The Faculty takes alot of cues from Carpenter's The Thing (of which Rodriguez is obviously a fan...he even recues some of Morricone's score for the Zeke's lab scene), and Invasion Of The Body Snatchers.
I believe this is also the big screen debut of Harry Knowles. This was right around the time I started reading aicn, before the troll invasion...or maybe it was always filled with the little creatures. Thankfully he has only one line and very little screen time. He's terrible (and fat).
Speaking of big screen debuts, Usher Raymond makes his first appearance in a film, and even replaces the actor who played Stan on the poster...which is odd, considering Usher has very little screen time in comparison to Stan, and he's not even really a main character. You can tell his casting was just an opportunity to shoehorn in a black pop star to lure the urban audience to a decidedly white washed film.
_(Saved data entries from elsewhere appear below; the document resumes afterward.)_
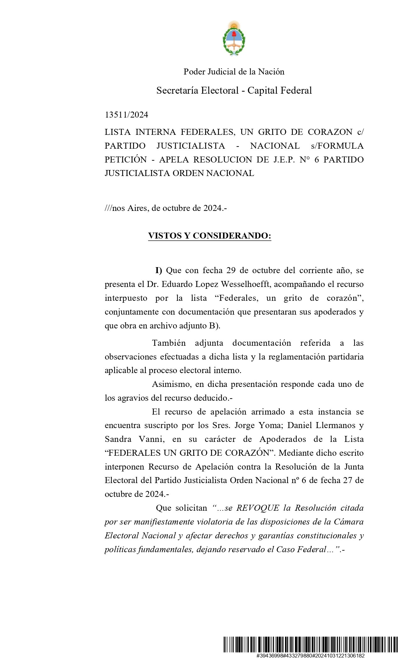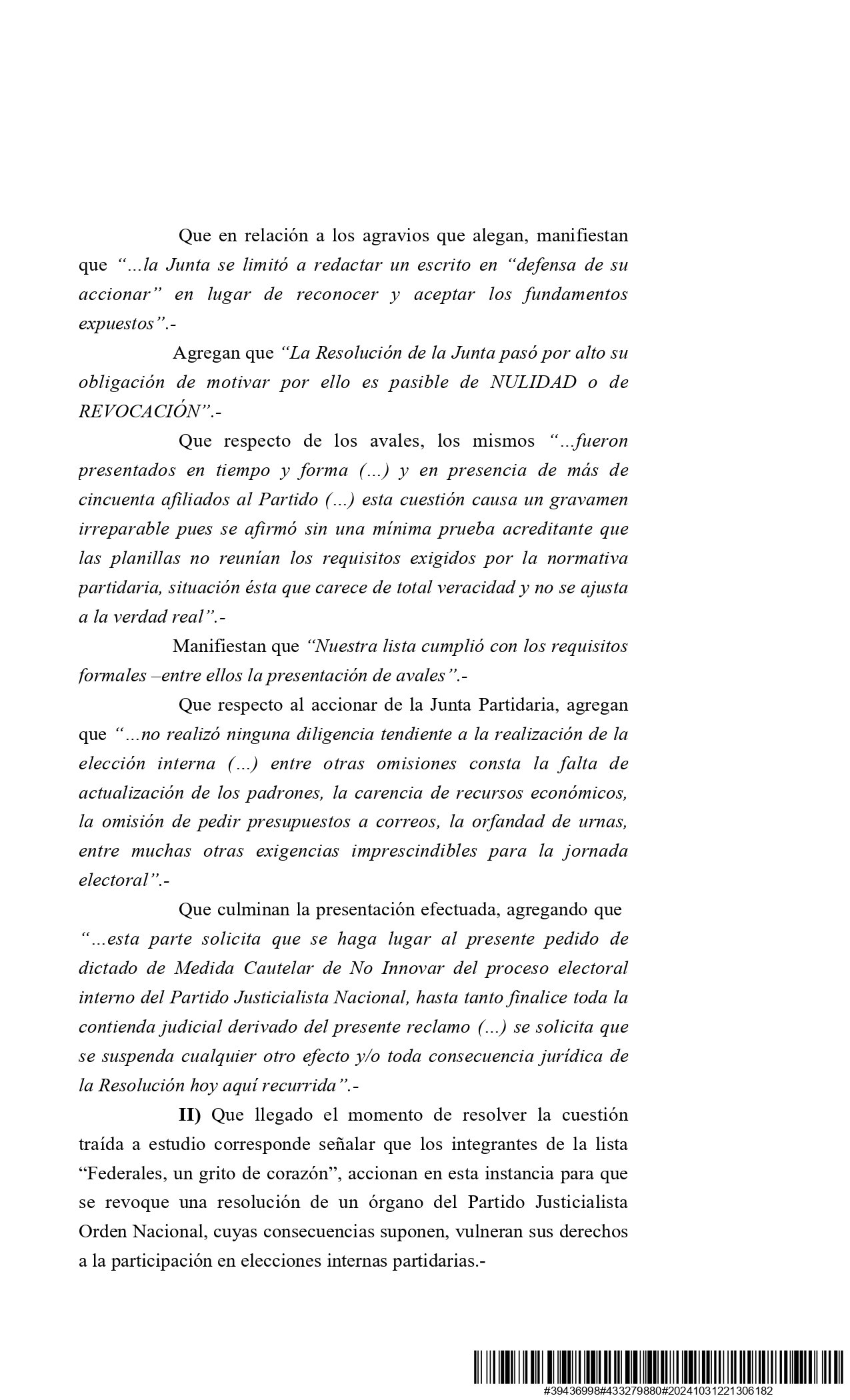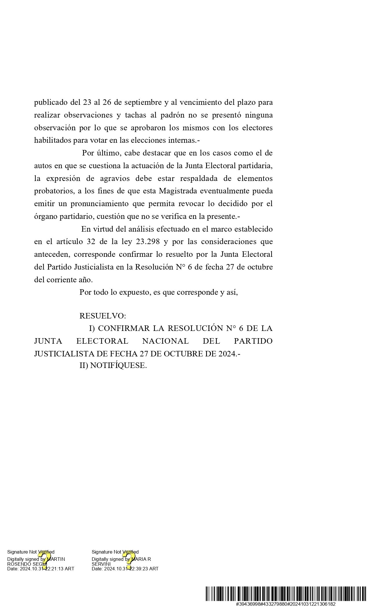 El texto del fallo de Servini dice que tras una evaluación de «los hechos enunciados por la Junta Electoral y los fundamentos esgrimidos en la resolución mediante la cual se tuvo por no oficializada la lista de la apelante, corresponde señalar que además de las observaciones efectuadas a algunas candidaturas de la lista recurrente la cuestión principal abordada en la resolución atacada guarda relación con el incumplimiento de la debida presentación de avales efectuada por la actora».
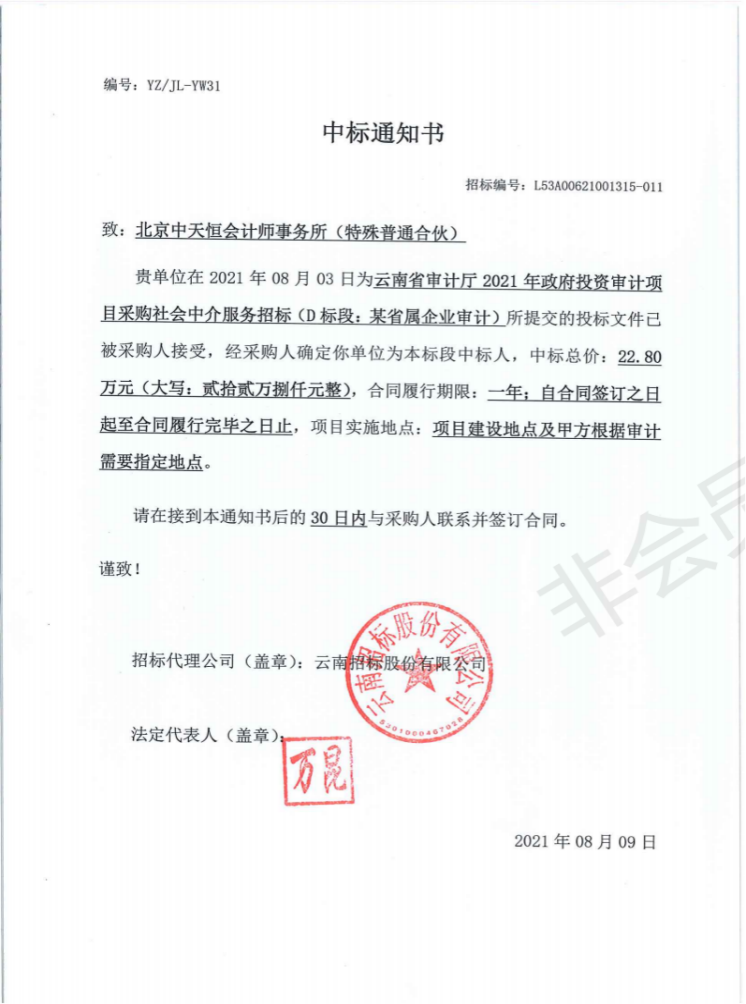 繼云南機(jī)場集團(tuán)昆明機(jī)場財(cái)務(wù)監(jiān)理、云投集團(tuán)吳哥機(jī)場財(cái)務(wù)監(jiān)理項(xiàng)目之后,近期我所中標(biāo)云南省審計(jì)廳審計(jì)服務(wù)項(xiàng)目和中標(biāo)云南省康旅控股集團(tuán)有限公司2021年度至2023年度審計(jì)服務(wù)入圍項(xiàng)目,兩個(gè)項(xiàng)目是我所除機(jī)場項(xiàng)目外首次進(jìn)入較大的云南地方項(xiàng)目,對拓展云南市場具有示范意義。
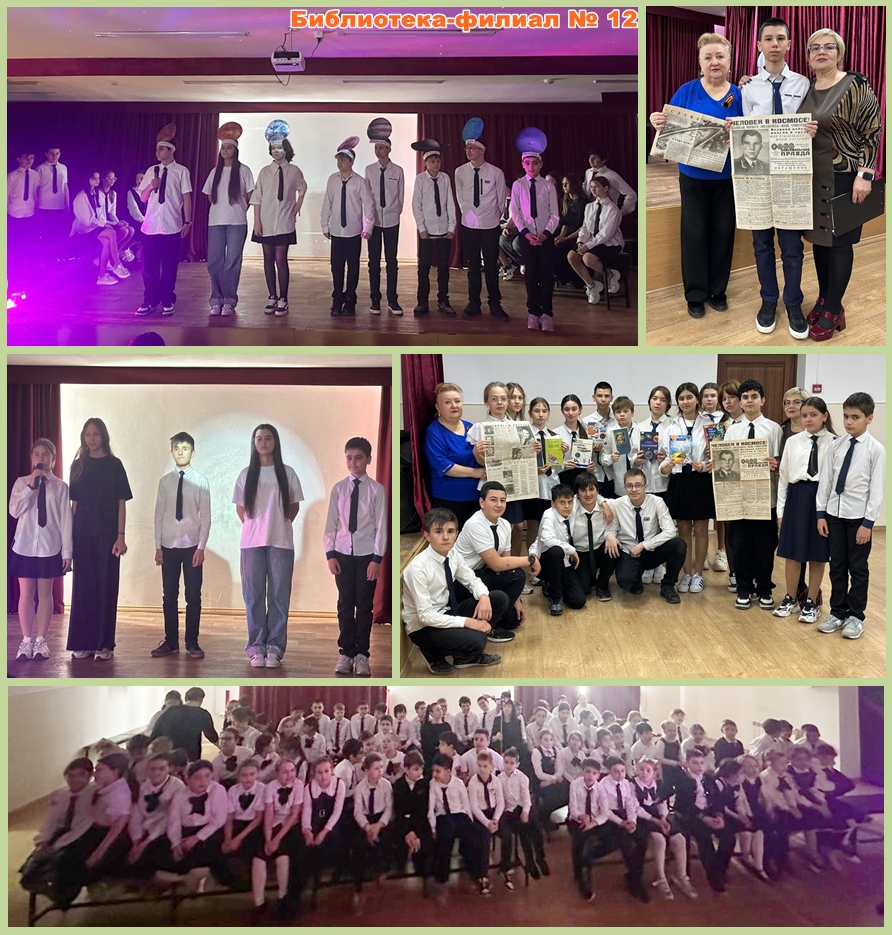 Библиотека-филиал № 12 помогла учащимся 1-7 классов школы «Геула» на празднике, посвящённом Дню космонавтики, поставить на сцене мини-спектакль «Все мы дети космоса», роли в котором сыграли шестиклассники, а другие классы подготовили композиции о космосе, и все вместе отвечали на вопросы викторины и ознакомились с книгами о космосе и копией газеты «Комсомольская правда» за 13 апреля 1961 года!
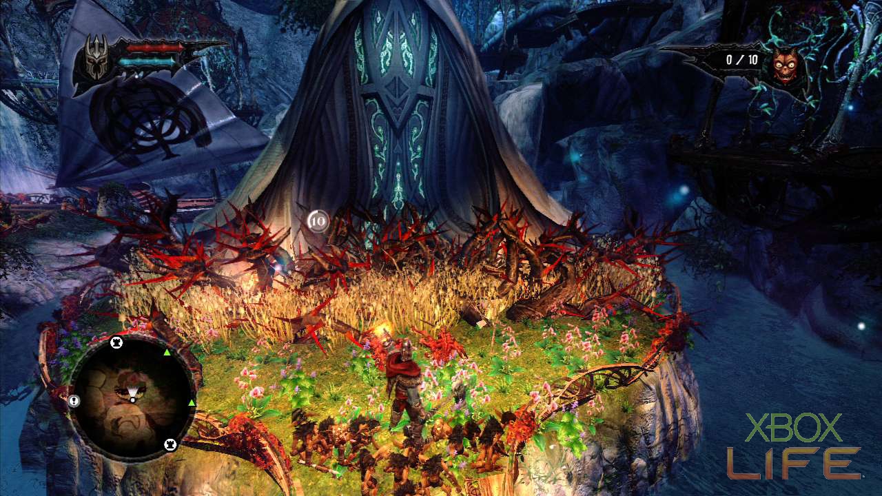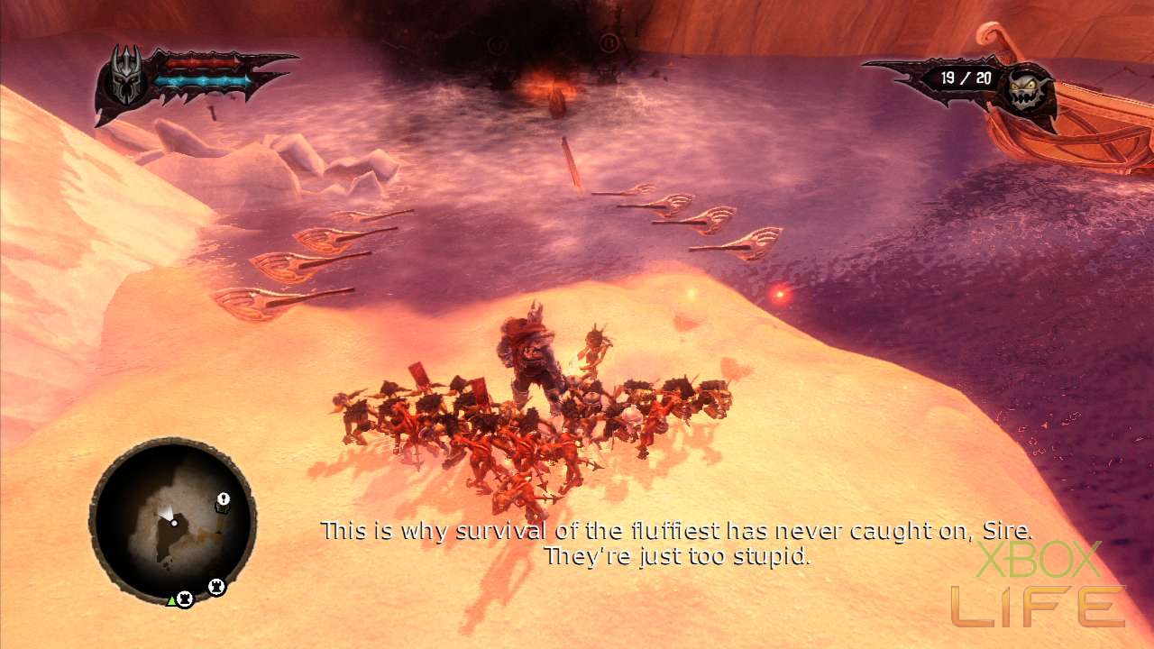 《Overlord2》最有趣的地方,就是让玩家所扮演的角色并不像一般游戏总是正义的一方,在《Overlord2》玩家则是扮演邪恶的魔王,率领一群小喽啰到处烧杀掳掠。随着等级的提升,玩家身边的小喽啰数量就会愈多、愈聪明。
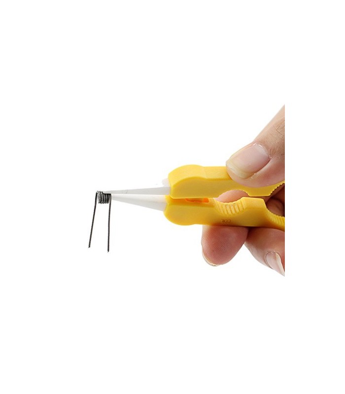 Penseta dispune de varfuri ceramice, rezistente la caldura, perfecte pentru utilizatorii ce obisnuiesc sa-si construiasca propriile rezistente. De asemenea, partea opusa a pensetei, construita din policarbonat, poate fi utilizata pe post de cheie, pentru desfacerea cu usurinta a atomizoarelor blocate.
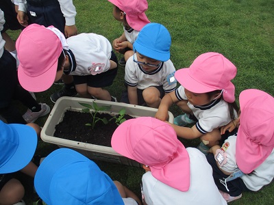 野菜の苗を植えるのに興味深々の様子でした🎶
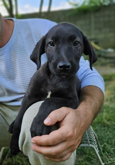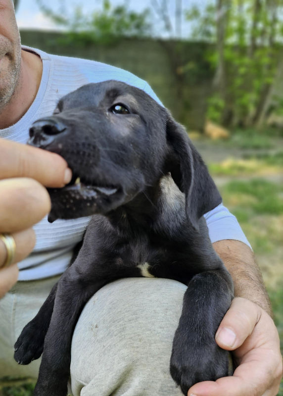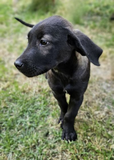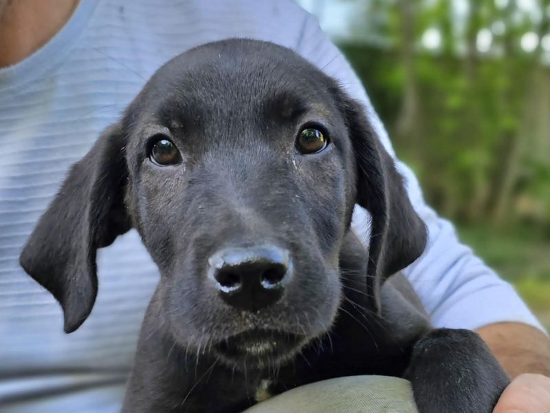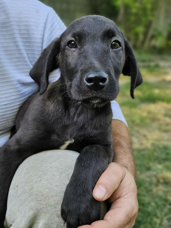 Kollegen von uns waren gerade in Nordmazedonien und waren unterwegs um Hunde für das Kastrationsprojekt zu suchen, da bemerkten sie auf einer Landstraße, direkt an einem Feld einen winzigen Welpen sitzen. Sie wendeten sofort und stellten fest, dass dort noch ein Welpe saß. Beide noch sehr jung, geschätzt 8 Wochen.
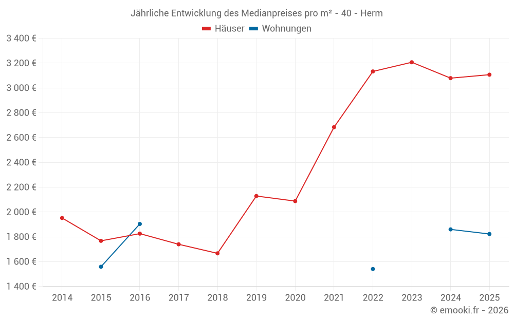 Der Durchschnittspreis auf den 17 Hausgeschäften der letzten 12 Monate in der Gemeinde Herm betrug 3 084 € pro Quadratmeter für einen mittleren Immobilienwert von 290 000 €. Über diesen Zeitraum hinweg lagen 60% der Transaktionen zwischen 2 680 und 3 258 € pro Quadratmeter (vom 2. bis zum 8. Dezil).
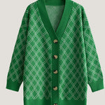 Casual Versatile V-Neck Long-Sleeve Argyle Knitted Cardigan

The acting is solid for a horror flick. Elijah Wood and Josh Hartnett are the two actors who pretty much control the two pronged tone of this flick. Wood's plays the paranoid, ostrcized geek who is up on the macabre happenings at the school with great skill. While Hartnett reinforces the film's, vulgar, cynical, hard edge in his portrayal of loner-by-choice, Zeke. It's pretty cool how both these characters are loners, but for different reasons. Clea DuVall channels the film's meta-horror-movie satirical elements, and everyone else is just sort of...there. Not that they're bad, but they're pretty much stock characters among the other more unique elements of the movie. Jordana Brewster the hot chick, Shawn Hatosy, the jock, and Laura Harris, the new girl (who obviously turns out to be the queen).
This is one of those guilty pleasures I like to revisit every now and again to remind myself that I used to have fun at the movies before I turned into a bitter, cynical film snob.